There will be boats of every imaginable shape and size in the lower reaches of the river. The peak season speed limit changes will be in force, and they will be enforced by the local Boating and Fishing Patrol as well as the floating constabulary. So be warned, do the right thing or have your holiday soured somewhat by possibly hefty fines.

Flathead are a year round proposition in the Noosa River and its incumbent lakes. These tasty fish will respond to trolled minnow lures, cast soft plastics and of course most baits. Moving around is a good way to locate fish, and trolling is the most productive way to do this. Drifting with small pilchards on appropriately sized gangs will also bring flathead, and other species undone.

Bream are also a year round proposition and they can be effectively targeted in the lower reaches. The Frying Pan area, adjacent to the river mouth is very much worth a try. Small amounts of berley delivered regularly will keep the fish interested and nearby. It can be worth fishing the deeper sections of river during daylight and trying shallower areas as night closes in and the fish lose their daylight sensitivities and forage for tucker.

Mangrove jack are often caught as bycatch, however, they can be successfully targeted by lure casting at the myriad bankside snags in between the two major lakes. Drifting a live bait into these snags will also attract the attention of jacks. Rock bars and man-made structure will also harbour jacks during the warmer months.

Jacks are a favoured target of many locals and regular visitors. They are hard hitting and hard fighting fish that generally ambush their prey. Indeed, many anglers feel ambushed after a jack smashes their offering and bricks them in seconds. Hang on tight and be ready. Jacks will expose any weaknesses in your equipment, knots in particular.

Other species of interest in the river are the humble whiting. These delicious fish will respond best to baits of live prawns or nippers. Once again the Frying Pan area is a great start for those chasing whiting.

There are occasional catches of monster threadfin salmon and barramundi in the area as well, so it pays to tie good knots and use quality equipment.

Offshore the options are endless.

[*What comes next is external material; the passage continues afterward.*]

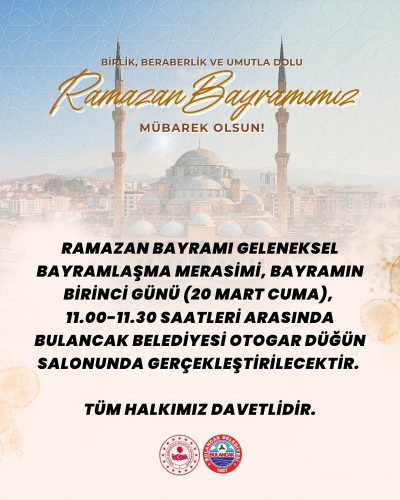 Bulancak Kaymakamlığı tarafından yapılan açıklamaya göre; Bulancak Belediyesi organizasyonunda düzenlenecek olan geleneksel bayramlaşma merasimi, bayramın birinci günü (20 Mart Cuma), saat 11.00 ile 11.30 arasında Otogar Düğün Salonu’nda gerçekleştirilecek.

There are vast reef systems close to the Noosa River mouth. The two largest are North Reef and Sunshine Reef. Both are fished pretty hard year round and both areas deliver some excellent fish.

Snapper are another year round target off Noosa, however, they are more common during the cooler months. By December there should be some pelagic activity happening and this means mackerel and tuna. Last mackerel season was excellent with big catches of spotties and the occasional thumping big Spanish mackerel and serious wahoo just to keep us all interested. Big schools of tuna will be moving into the area also with northern blues, or longtails as they are commonly known. Trolling, cubing and casting slugs into surface feeding frenzies will bring mackerel and tuna to the boat.

Trolling pilchards is a great tactic as well and when the fish are thick simply drifting with ganged unweighted pillies will do the trick, with double and triple hook-ups common. Make sure you stay within the law. If unsure consult a tackle store or the Boating and Fisheries Patrol office at Munna Point.

Bottom bashers will enjoy a large range of fish throughout the holiday period. Red emperor and coral trout are the prize catches, however, pearl perch, sweetlip, squire, Venus tusk fish and various cod species are far more common. All are great tucker, so if you keep a few fish for a feed bleed them well on capture and keep them on ice.

Mahi mahi are another great option during the warmer months off Noosa. They are often caught by bait anglers and all hell can break loose when a big ‘dolly’ is hooked. I have seen them sight cast to when they follow a berley trail right to the boat. They can make for a most memorable experience, and a great feed as well.

In the sweetwater bass and saratoga will be worth chasing at Cooroy’s Lake Macdonald and Borumba Dam up at Imbil. Both dams also hold significant numbers of golden and silver perch as well as Mary River Cod.

Enjoy the holiday period and stay safe on the water. Merry Christmas, and many thanks to all the local fishos that keep me up-to-date with their reports and photos.